Унылая мина Мечтателя яснее ясного говорила: «Ну вот, я так и знал …»

— Макс, но… возможно, что тебе придется.

— Черта с два! Каждый раз, как вы уговариваете меня задержаться — случается что-нибудь из ряда вон. Поскольку в последний раз меня убили не до конца, рискну предположить, что в этот…

Слева от него тихо покашляла Дара.

— Макс, а ты не думаешь, что во внешнем мире тебя будет легче убить?

— А ты не думаешь, что меня хотят грохнуть как раз по той причине, что я нахожусь в Целестии, а не во внешнем мире?

Тупик.

Экстер прикрыл глаза, будто напоминая себе, что на эту беседу пошел с исключительно благими целями, а потому не имеет права трусливо отступать.

— Макс, выслушай.

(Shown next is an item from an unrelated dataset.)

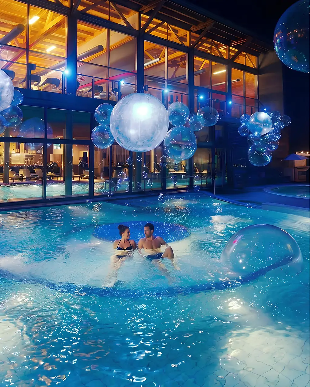 Dalle ore 19:00, gli ambienti della SPA si animano di luci soffuse e riflessi iridescenti nei toni del bianco, perla e champagne, mentre scenografiche bolle fluttuano nell’aria accompagnando gli ospiti lungo un percorso sensoriale tra acqua, musica e suggestioni visive.

Мы не собираемся тебя удерживать силой…

— Но если нужно будет — можешь быть уверен… — кровожадно вставила Бестия, поигрывая серпом.

— Макс, мы просто считаем… пока ты в Одонаре, это будет лучше для тебя же. Понимаешь, пока ты здесь…

— Мечтатель, договаривай: мы сможем тебя защитить. Потому что ты не владеешь магией, и даже оболтус вроде Кристо может отправить тебя в Лунные Дали, если поблизости не будет артефакторов или созданной ими защиты.

— Фелла, пожалуйста…

— Да, и к тому же — если тебя вдруг добьют, Лорелея может довести до конца то, что начала на арене. И у директора не будет под руками мощной защиты, проложенной предшественниками… кстати, кто выстраивал тот артефакт, Мечтатель? Круговую защиту зрителей на трибунах? Локсо жалел, что не удалось посмотреть структуру артефакта: перила на директорской трибуне просто обуглились, Вонда их уже успел заменить.

Мечтатель потер лоб.

— Какой-то из предыдущих директоров… защита того же рода, что и щит самого артефактория — благодаря которой тебе стало легче, Фелла. Это неважно. Макс, мы беспокоимся о тебе…

— За себя говори, Мечтатель. Это твоя идея — посадить его на цепочку вместо Караула.

— Караул не сидит на цепи, — машинально сообщил Экстер и тут же задумался: — Или все же сидит? Э-э, я не о том… Макс, тебя никто не собирается запирать. Едва ли ты сможешь вернуться к обязанностям гида, даже если и захочешь… но ты можешь передигаться по территории артефактория… обучать учеников боевым искусствам или чему-нибудь…

— Великолепно, — яростно фыркнул Ковальски. — А толпы наемников будут ходить за мной вслед и вкручивать в том плане, что Макс, бессмертия нет, тыне бойся… что с вами опять?!

Его слова неожиданно вызвали цепную реакцию. Бестия побелела лицом и выпустила из рук боевой серп; Мечтатель уронил флейту и привстал, глядя на Бестию; Дара вскочила, глядя на Мечтателя… Кристо посмотрел по сторонам, увидел, что все стоят, дожевал кремовую ириску и тоже неловко поднялся.

Он ведь уже видел что-то похожее. Только тогда Бестия чуть со стенкой не слилась, а Вонду вместе со стулом поднимать пришлось. А теперь завуч Одонара пришла в себя быстрее: жестом остановила Мечтателя, призвала в руки серп и развернулась к Максу.

— Кто сказал тебе это?

— «Это»? — Ковальски приподнял брови. — «Бессмертия нет»? Поцелуйша. Сразу же перед тем, как заявить, что я не знаю, против кого пошел. А что за…

— Это слова Холдона, — негромко пояснил Мечтатель, медленно опускаясь на свое место. — И не просто слова. Девиз, то, чем он привлекал сторонников. Вернее, часть девиза. Одна из причин Сечи Альтау, на самом деле. До Холдона Целестия существовала века, и наши предки, хоть и старались прожить жизнь ярко, все же думали о том, что ждет их по ту сторону Вечной Радуги. Считалось, что, если ты творишь добро…

— И тебе будет так же после смерти, — отмахнулся Ковальски. — Понимаю. Холдон был не согласен?

— Полностью это звучит так: «Бессмертия по ту сторону нет, но можно приблизиться к нему на этой стороне». Искусный артемаг, он считал, что люди в этом подобны вещам. И после прекращения существования нет ничего — а значит, по ту сторону Радуги лишь пустота, и поэтому всего нужно достигать здесь и сейчас, пить жизнь полной чашей…

— Местный богоборец, — вздохнул Ковальски. — Этого не хватало. Что, стало быть, ещё одна причина войны? Вопрос веры?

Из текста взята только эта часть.